#### About this exercise:
Below, locate the line that contains "校团委书记那森巴雅尔致贺词。". Repeat exactly from that line to the line that contains "佛法也是以「孝道」為基礎,沒", inclusive, leaving out the pictures.

======== Records for the exercise ========

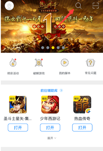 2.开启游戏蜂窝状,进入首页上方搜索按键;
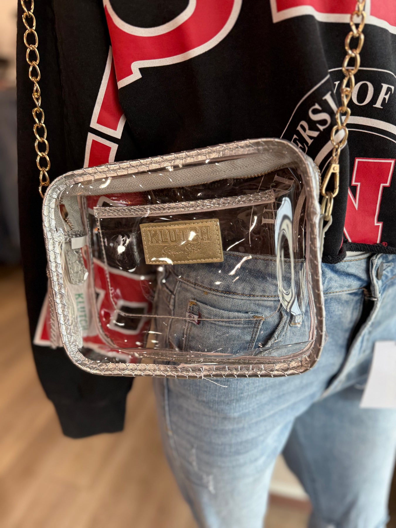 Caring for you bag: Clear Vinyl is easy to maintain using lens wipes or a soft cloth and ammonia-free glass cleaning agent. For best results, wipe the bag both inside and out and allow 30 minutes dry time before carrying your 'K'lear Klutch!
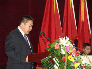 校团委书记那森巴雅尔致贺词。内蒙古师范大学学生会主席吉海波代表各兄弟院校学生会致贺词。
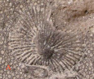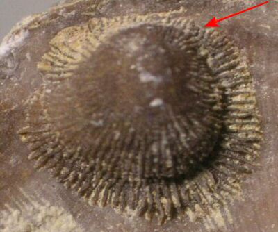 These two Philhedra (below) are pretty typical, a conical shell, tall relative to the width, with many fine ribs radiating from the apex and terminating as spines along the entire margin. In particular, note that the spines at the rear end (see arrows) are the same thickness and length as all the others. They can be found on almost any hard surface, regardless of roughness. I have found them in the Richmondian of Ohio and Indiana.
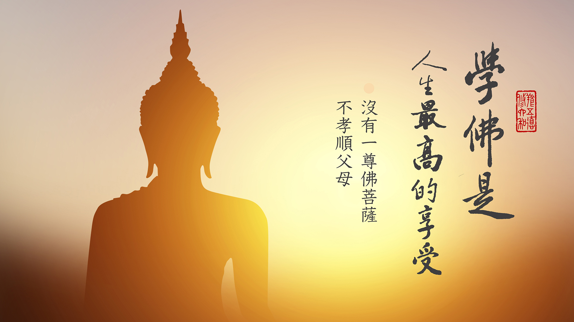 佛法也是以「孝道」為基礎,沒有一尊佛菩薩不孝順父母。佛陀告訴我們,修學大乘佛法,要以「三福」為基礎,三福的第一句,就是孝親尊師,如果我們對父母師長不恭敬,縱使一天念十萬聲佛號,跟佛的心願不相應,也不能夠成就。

========
======== Records for the exercise ========

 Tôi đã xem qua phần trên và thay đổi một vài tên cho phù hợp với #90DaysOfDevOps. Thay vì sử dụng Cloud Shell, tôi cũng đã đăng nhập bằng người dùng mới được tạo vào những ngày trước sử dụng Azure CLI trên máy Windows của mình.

========
======== Records for the exercise ========

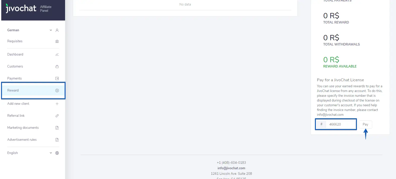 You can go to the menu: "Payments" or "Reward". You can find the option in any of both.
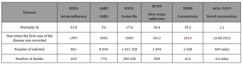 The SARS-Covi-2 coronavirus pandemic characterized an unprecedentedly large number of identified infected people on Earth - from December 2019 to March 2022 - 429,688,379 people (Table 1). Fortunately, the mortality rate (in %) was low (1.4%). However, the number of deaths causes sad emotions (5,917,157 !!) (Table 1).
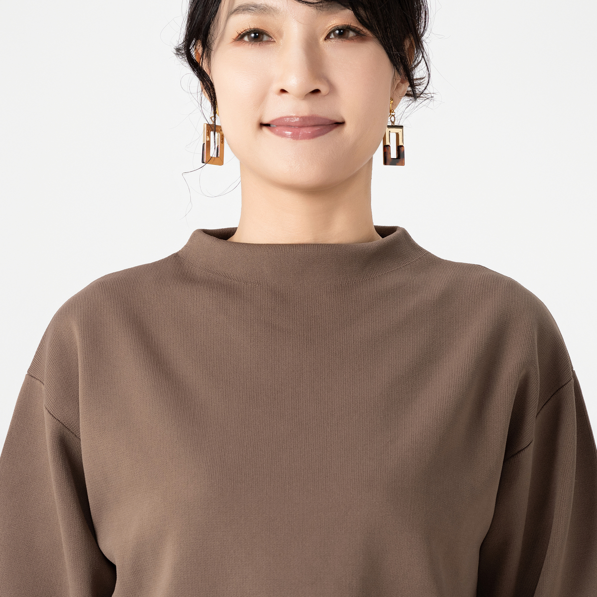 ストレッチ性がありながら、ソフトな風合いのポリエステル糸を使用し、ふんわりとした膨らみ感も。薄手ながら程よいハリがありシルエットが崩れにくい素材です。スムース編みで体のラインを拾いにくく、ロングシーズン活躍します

========

#### Output:
 校团委书记那森巴雅尔致贺词。内蒙古师范大学学生会主席吉海波代表各兄弟院校学生会致贺词。
 These two Philhedra (below) are pretty typical, a conical shell, tall relative to the width, with many fine ribs radiating from the apex and terminating as spines along the entire margin. In particular, note that the spines at the rear end (see arrows) are the same thickness and length as all the others. They can be found on almost any hard surface, regardless of roughness. I have found them in the Richmondian of Ohio and Indiana.
 佛法也是以「孝道」為基礎,沒有一尊佛菩薩不孝順父母。佛陀告訴我們,修學大乘佛法,要以「三福」為基礎,三福的第一句,就是孝親尊師,如果我們對父母師長不恭敬,縱使一天念十萬聲佛號,跟佛的心願不相應,也不能夠成就。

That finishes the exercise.